The computation is almost certainly faster. Lookups are expensive.
However I concede the point because we're not supposed to worry about
such stuff. But it *is* a simpler format.
> The point is not to improve on NumPy. Trying to improve on
> NumPy in pure Python code would be silly - if I wanted
> optimized large matrices I'd _use_ NumPy. The point is just
> to give a simple "intuitive" way to manipulate rows and
> columns in small matrices.
Yes, me too. This is all about intuition.
> So I'm not looking ahead to the future, things are not
> scalable? The thing is not _supposed_ to scale up to
> large matricies. If a person were dealing with large
> matricies then almost all of it would need to be
> rewritten (and if a person were dealing with really
> large matrices then trying to do the thing in pure
> Python would be silly in the first place, and insisting
> on being able to write things like "m.row[0] =
> m.row[1] + m.row[2]" could very well be a totally
> wrong approach to begin with - I'd figure out the
> operations I expected to need to do and write functions
> to do them.)
The reason why I am interested in this is that since I was writing
sudoku algorithms some time ago I have been looking for ways to interact
with data according to different views. I want the data to update even
when I have made changes to them according to another view. In my case
things are even more complex than they are with matrices because I
tend to view sudoku as subcases of binary cubes. Imagine a 3d 9*9*9
chessboard and try to place 81 non-threatening rooks in it. This is not
quite a solution to a sudoku but every sudoku is also a solution to this
problem.
One of the solution strategies I thought of was forgetting about the 3d
binary cube's content at all, and just update row, column and file
totals (I start with a 'filled' cube and wipe away fields that are
covered by the 'rooks') to drive the optimization. Somehow this seems
possible even though I do not use the cube itself anymore. It just
exists as a figment of my imagination but still it defines the context.

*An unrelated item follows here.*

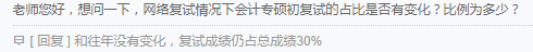 問(wèn):老師您好,想問(wèn)一下,網(wǎng)絡(luò)復(fù)試情況下會(huì)計(jì)專(zhuān)碩初復(fù)試的占比是否有變化?比例為多少?

I hope you understand how this was driving me crazy and why I would be
more than happy to return to a safe and sound, actually 'existing' cube,
if only there was a way to access rows, columns and files (for example
sum their elements) as shared data. In the end I realized that
everything I was doing was an abstraction anyway and if that is the
case why not use the simplest possible representation for the data and
let any matrices, rows, columns, files, cubes and so on exist somewhere
higher up in the levels of abstraction of the code.
> Really. In one of the intended applications the matrix
> entries are going to be home-made Rationals. Just
> adding two of those guys takes a long time. It's
> still more than fast enough for the intended application,
> but [oh, never mind.
Too late :-)
> Sorry about the argumentative tone - I _would_ like
> to know which "untenable position" you're referring to...
No, it's no problem. Thanks again for bringing this up. Once I overcame
my initial resistance to bringing up all this old (for me) issues I was
more than happy to share intuitions. I hope this somehow results in a
shared data type. Even just a matrix_with_a_view would be very nice.
P.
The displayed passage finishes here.